それにともなう部品供給不足を理由に、国内自動車メーカーは新車生産が滞っていたが、ここに来てようやく改善の兆しが見えてきた。
3月30日付けで速報として発表されたトヨタの2月の国内生産台数は、28万1521台だった。これは前年同月比111.2%である。
2020年以来、連続して前年同月比を下回り続けていたがここにきて上向いてきた。国内販売台数に至っては、前年同月比152.3%の15万5840台と大幅に増加しており、地道な部品調達が功を奏してきた結果ということだろう。

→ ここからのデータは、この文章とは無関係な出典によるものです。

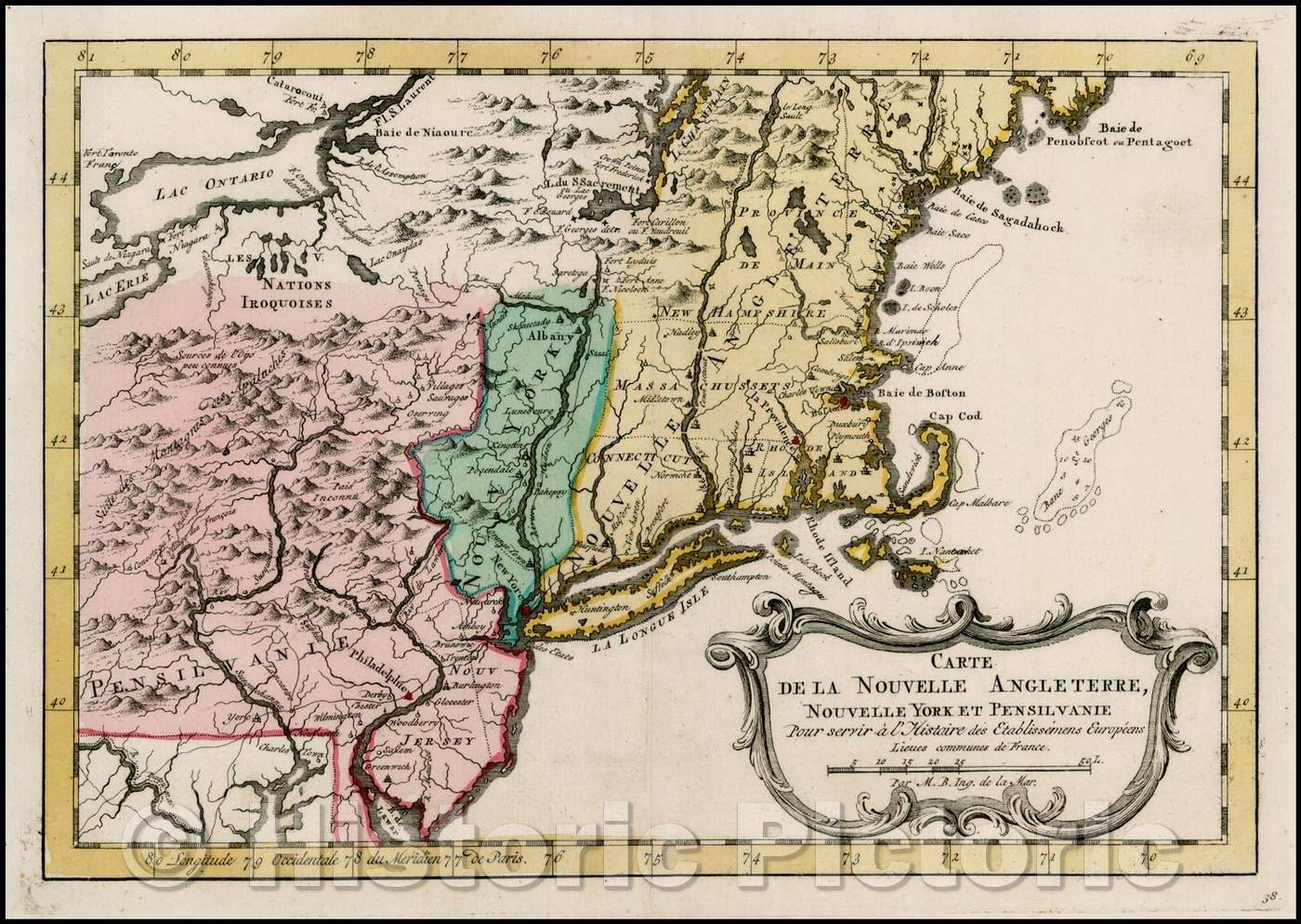 • Historic Map - Carte De La Nouvelle Angleterre, Nouvelle Yorck et Pensilvanie/Card New England, New Yorck and Pensilvanie, 1770, A. Krevelt - Vintage Wall Art

一方、他のメーカーは現時点でわかっている限り、トヨタと同じく3月30日発表でのホンダの2月の国内生産台数が前年同月比103.8%の6万572台だった。こちらも状況としては良い方向に向かっている。
「未使用車」とは何か

こうなると気になるのは、ディーラー決算期直後の中古車市場に現れる、いわゆる
「未使用車の動向」
である。
現時点で大手の中古車販売サイトをざっと検索しただけでも、2023年3月登録の未使用車が大量に売りに出されていることがわかる。こうしたことからも、新車の国内生産状況が改善していることがわかる。
中古車市場における未使用車とは、
「ディーラーが顧客に販売することなく自社登録した車」
を指す。車としては紛れもなく新車ではあるのだが、一度登録してしまった車は全て中古車となってしまうため、未使用車という呼称が付けられている。
10年ほど前までは「新古車」と称されることが多かったのだが、こうした呼び方では新車なのか中古車なのか紛らわしいということで、業界団体の主導で未使用車と呼ぶこととなった。
なぜディーラーが年度末などの決算期に自社登録を行うかというと、メーカーとの契約等を理由に、決算前に販売実績を積み
「帳尻を合わせるため」
といわれている。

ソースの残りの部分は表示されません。